The shopping was, well, interesting…..there is no easy way to explain this processes, if you know the opening scene of Disney's Aladin it really was just like that at times (we were just waiting for them to try and sell us sand).  In the end the girls each bought a gold Egyptian kartoosh with their names written in hieroglyphics. We bought a papyrus painting of something (I can’t remember what….but it’s cool), authentic Egyptian scarves and a blouse as well as few alabaster vases, bowls and candle lights.
The trip was overwhelming with sights, sounds and adventure and it ended way before we were ready.
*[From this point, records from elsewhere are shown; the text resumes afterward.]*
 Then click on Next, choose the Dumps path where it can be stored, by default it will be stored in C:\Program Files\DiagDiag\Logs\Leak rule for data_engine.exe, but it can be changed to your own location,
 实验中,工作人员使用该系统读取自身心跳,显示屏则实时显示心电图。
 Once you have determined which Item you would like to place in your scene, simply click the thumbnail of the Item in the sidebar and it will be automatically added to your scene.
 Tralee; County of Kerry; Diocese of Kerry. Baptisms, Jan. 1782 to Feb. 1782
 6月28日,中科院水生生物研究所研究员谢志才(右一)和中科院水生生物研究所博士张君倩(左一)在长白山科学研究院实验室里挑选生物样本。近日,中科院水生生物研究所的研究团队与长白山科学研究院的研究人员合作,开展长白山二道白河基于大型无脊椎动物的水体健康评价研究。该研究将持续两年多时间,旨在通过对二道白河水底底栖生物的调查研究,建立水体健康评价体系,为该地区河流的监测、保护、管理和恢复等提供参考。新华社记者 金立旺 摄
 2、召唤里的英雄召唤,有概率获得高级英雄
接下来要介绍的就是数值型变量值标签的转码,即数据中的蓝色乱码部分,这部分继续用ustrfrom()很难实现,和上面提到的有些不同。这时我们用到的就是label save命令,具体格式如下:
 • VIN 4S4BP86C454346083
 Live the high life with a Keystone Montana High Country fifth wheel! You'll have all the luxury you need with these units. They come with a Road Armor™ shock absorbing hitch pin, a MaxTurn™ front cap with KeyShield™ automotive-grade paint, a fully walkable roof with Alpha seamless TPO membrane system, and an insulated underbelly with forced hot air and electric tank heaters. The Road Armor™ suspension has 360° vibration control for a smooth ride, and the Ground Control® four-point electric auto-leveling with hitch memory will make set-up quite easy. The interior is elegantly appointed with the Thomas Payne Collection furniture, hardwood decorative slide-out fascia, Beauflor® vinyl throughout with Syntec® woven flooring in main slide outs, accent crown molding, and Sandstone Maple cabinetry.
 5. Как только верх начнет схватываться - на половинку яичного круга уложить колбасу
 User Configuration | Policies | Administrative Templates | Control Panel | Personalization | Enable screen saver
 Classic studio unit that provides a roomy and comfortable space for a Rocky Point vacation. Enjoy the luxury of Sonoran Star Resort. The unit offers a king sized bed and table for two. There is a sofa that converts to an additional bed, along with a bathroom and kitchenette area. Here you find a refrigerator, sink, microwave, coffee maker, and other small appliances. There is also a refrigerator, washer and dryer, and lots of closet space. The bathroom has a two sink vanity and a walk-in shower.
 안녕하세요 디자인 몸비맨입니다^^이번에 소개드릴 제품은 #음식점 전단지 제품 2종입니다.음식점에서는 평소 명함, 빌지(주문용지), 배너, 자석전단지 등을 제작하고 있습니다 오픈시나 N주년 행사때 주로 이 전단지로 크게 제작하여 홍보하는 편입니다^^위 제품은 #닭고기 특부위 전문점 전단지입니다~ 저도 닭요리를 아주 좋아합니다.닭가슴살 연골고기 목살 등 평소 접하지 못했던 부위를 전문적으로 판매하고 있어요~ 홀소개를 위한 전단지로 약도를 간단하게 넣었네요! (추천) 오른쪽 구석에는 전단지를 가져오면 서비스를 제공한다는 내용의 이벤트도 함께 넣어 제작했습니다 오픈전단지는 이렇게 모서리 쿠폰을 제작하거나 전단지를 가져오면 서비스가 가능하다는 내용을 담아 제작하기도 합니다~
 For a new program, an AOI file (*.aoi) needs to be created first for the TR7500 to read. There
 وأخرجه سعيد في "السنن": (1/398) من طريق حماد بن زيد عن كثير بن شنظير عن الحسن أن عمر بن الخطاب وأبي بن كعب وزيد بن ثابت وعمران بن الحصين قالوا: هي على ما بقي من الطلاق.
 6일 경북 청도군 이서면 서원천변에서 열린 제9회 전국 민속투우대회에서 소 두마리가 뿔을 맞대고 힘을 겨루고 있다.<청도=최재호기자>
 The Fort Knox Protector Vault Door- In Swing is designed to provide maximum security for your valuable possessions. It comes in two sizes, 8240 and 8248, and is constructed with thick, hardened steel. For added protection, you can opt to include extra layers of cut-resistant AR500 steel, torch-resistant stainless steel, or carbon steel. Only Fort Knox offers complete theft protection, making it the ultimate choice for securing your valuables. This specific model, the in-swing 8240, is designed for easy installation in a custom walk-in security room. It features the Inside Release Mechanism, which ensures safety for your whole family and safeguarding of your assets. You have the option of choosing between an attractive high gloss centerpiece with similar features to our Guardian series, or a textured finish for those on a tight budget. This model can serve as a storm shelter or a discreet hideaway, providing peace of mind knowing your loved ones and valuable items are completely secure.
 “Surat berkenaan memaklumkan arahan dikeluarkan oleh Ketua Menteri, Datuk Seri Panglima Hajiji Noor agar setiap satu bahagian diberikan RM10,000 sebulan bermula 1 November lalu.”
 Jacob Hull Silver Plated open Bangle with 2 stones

We hope to return someday and if we do, we will spend a minimum of two days, but hopefully closer to four in order to capture all the amazing things we saw.

Thursday, November 11, 2010

Look Dad, it's Nemo!



 


With all the water time we got, it’s a wonder that we didn’t grow gills. We spent most of our days in the labyrinth of pools or out playing in the Red Sea. One of the trips’ highlights was teaching the girls how to snorkel; they really took to it like fish to water (sorry, I couldn’t resist). For some of our dive buddies the water was about 30ft deep off the pier and the reef was about 5’ deep at most, so there was an awesome reef wall perfect for snorkeling & diving, the visibility was around 60-feet and temperature around 75F. Like in Nemo, at the edge of the reef (where we were) was the “big blue” so we were able to see a few larger species of fish (unfortunately no sharks). Rylie’s first open water adventure on the reef and the “Deep” waters of the Red Sea were something to be seen. She was no bigger than some of the fish we saw and somehow she figured out how to talk in her snorkel so we could all hear her. We heard odes to the fish and all of a sudden we hear a shrill of happiness and an ever so exuberant “look dad it’s Nemo”. Sure enough, there were three clown fish and one of them was a tiny little one (couldn't see the lucky fin). We saw many familiar fish from our Caribbean dives and many new fish that we haven’t seen before. Ellie, was hard to keep up with, she wanted to see what was next along the cliff, for a seven year old with no fins she was fast in the water (she’s part mermaid I think). The Red Sea must be a little more salty than other oceans we’ve been in, as we were able to float effortlessly for hours in the water swimming quite far from the pier. We were able to go on a snorkeling excursion where the girls were much more prepared for the deeper and more challenging waters of the open Sea. We had so much fun blowing bubbles as a family!  The boat we were on was beautiful and quite relaxing.  I suppose the advantage to being around a bunch of tourists who don't speak much English is that you don't have to sit and have small chat with them.  We had a very relaxing day sailing on the boat, snorkeling in the sea, and swimming off a sandy beach.  We might have had a few close calls with boats nearly colliding and what not, but no harm done.